To circumvent the challenges of tetraploidy, potato breeders around the world — in an effort informally known as Potato 2.0 — are working to reinvent cultivated potato as a diploid crop.
“One reason to do this is the simplicity,” says Shelley Jansky MS’84, PhD’86, a USDA Agricultural Research Service scientist and professor emeritus of horticulture who has spent her career working with wild potatoes to identify genes for traits that potato breeders deem important. “Another reason is that most wild potatoes are diploid, so it’s just easier to make the crosses on the same level.”
Potato 2.0 builds on groundbreaking breeding work Jansky and others started at the Hancock Agricultural Research Station around eight years ago. Although all major potato varieties worldwide are tetraploid, the Jansky team created a diploid potato variety by crossing a cultivated potato with a wild one and discovered that it displayed desirable characteristics.
“At harvest, the potatoes looked just like what you’d see in a regular breeding program,” says Jansky. “They were the same size, had the same yield. So that really made me think, boy, why are we working so hard to go up to the tetraploid level when maybe we can just do this at the diploid level and still get the same quality?”
Given this prior work, it’s no surprise that UW–Madison is now serving as the lead institution for Potato 2.0, which is funded through a $3 million award from the USDA Specialty Crop Research Initiative and $3 million in matching funds from PepsiCo (the parent company of potato chip and snack food producer Frito-Lay) and eight collaborating universities and research institutions.
The first step of the project is to produce diploid potatoes that still have the optimal genetics of their tetraploid relatives. This is done by pollinating tetraploid potato with existing special diploids that can act as “haploid inducers.” Haploid induction is a technique used in many crop species to reduce chromosome numbers. It results in an embryo without the chromosomes of the pollen donor.
“Our goal is to create and sequence the genomes of 100 diploid potatoes, representing the russet, chip, and red market types that make up most of U.S. potato production,” explains Endelman.
The next step is to create lines that can be maintained as “true seed,” which is potato jargon for what everyone else simply calls seed. The “seeds” currently used in potato production are whole or pieces of tuber with at least one “eye,” from which sprouts develop to generate the next crop.
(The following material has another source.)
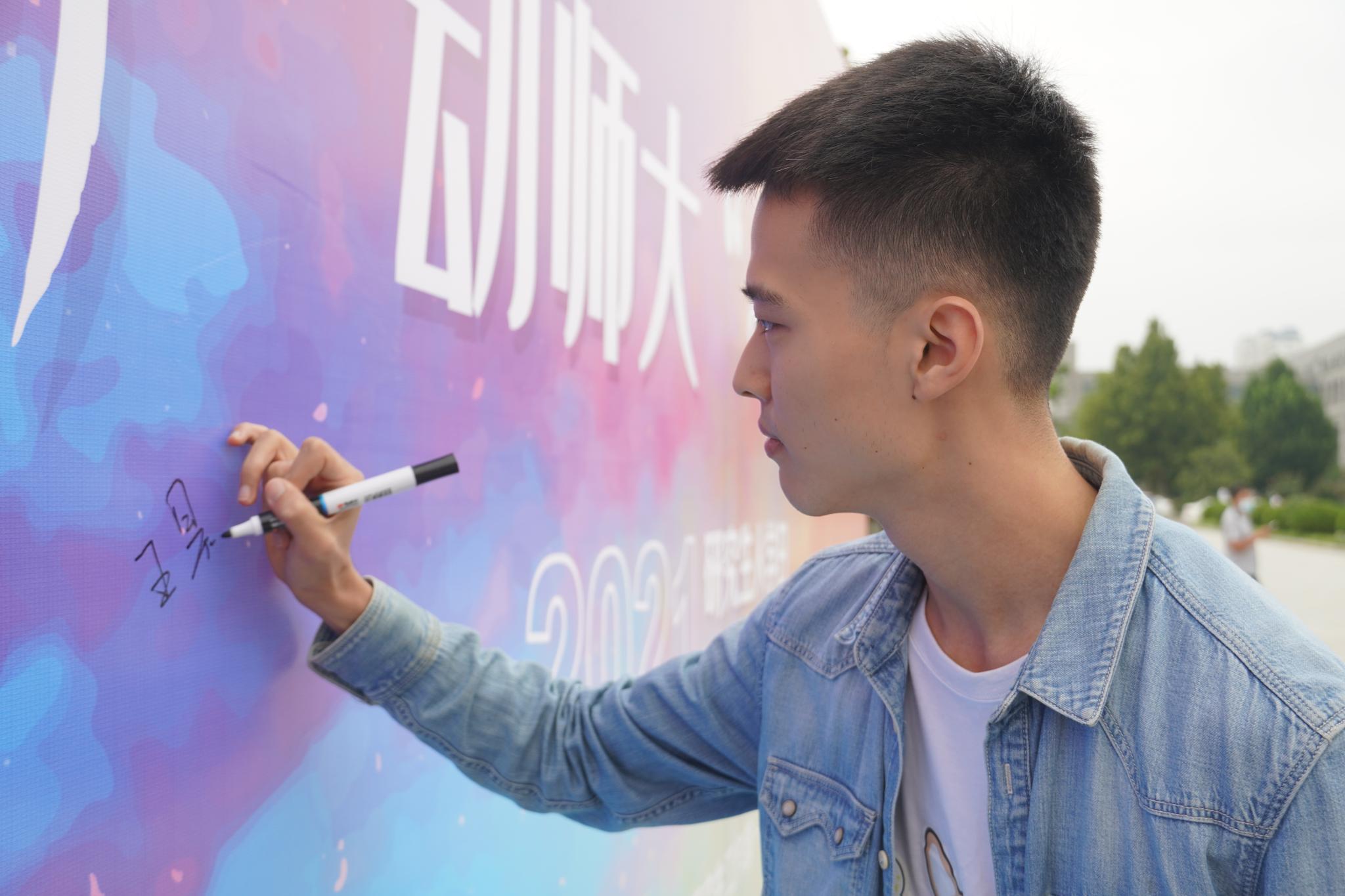 为了确保迎新工作顺利进行,研究生工作部提前筹划,精心部署,分工协作,制定了详细周到的迎新工作方案。从在校研究生中选拔优秀研究生担任迎新志愿者,承担起现场咨询、接站、引导等众多任务;为增进研究生新生的参与性,研究生工作部组织专业团队以视频形式记录迎新全过程,开展了“新花怒放”师大初体验抖音视频创作、“研究生新生入学日”文化墙签名留念等活动。迎新现场,新生纷纷走到背景板前,和家人、朋友一起合影,并在背景板上签上自己的名字,留下第一份和师大的专属记忆。
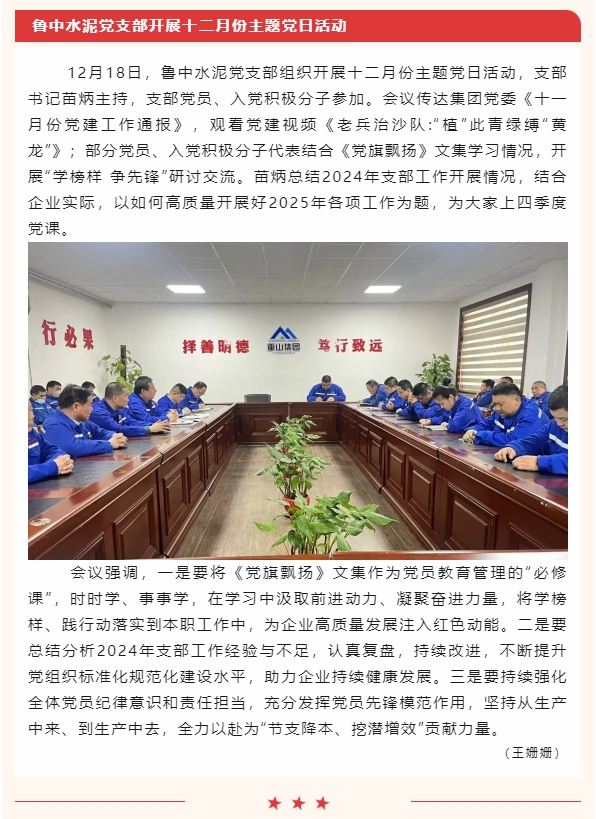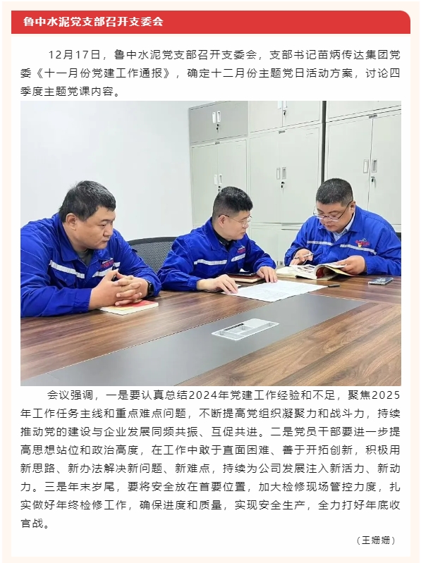 【黨建】魯中水泥黨支部召開(kāi)支委會(huì)、開(kāi)展主題黨日活動(dòng)

But seed tubers are bulky and expensive to transport.
“It takes about 2,000 pounds of seed tubers to plant one acre, but the amount of true seed needed would fit in the palm of your hand,” says Endelman.
Seed tubers also act as vectors for diseases, such as Verticillium wilt, soft rot, silver scurf, common scab, and Potato Virus Y. It’s another problem the use of true seeds could address.
“Nearly every major disease the potato gets is carried in seed tubers,” Jansky says. “None of them are in true seeds.”
Another major focus of the project is to produce inbred, or self-pollinated, lines. Although it may sound trivial, this is actually a big challenge in diploid potatoes, which typically lack the ability self-pollinate. But self-pollination is key to creating hybrid lines with big boosts in yield. That crossbreeding process took decades in the early 20th century for corn breeders, but Endelman hopes to do it more quickly in potato now that researchers have the genomic tools needed.
Endelman is excited to see the future impacts of the project across the potato industry, in Wisconsin and beyond. “This project marks a turning point for Potato 2.0 in the U.S., and everyone is enthusiastic about the potential to more efficiently deliver genetic improvements for disease resistance, climate resilience, nutritional value, and more.”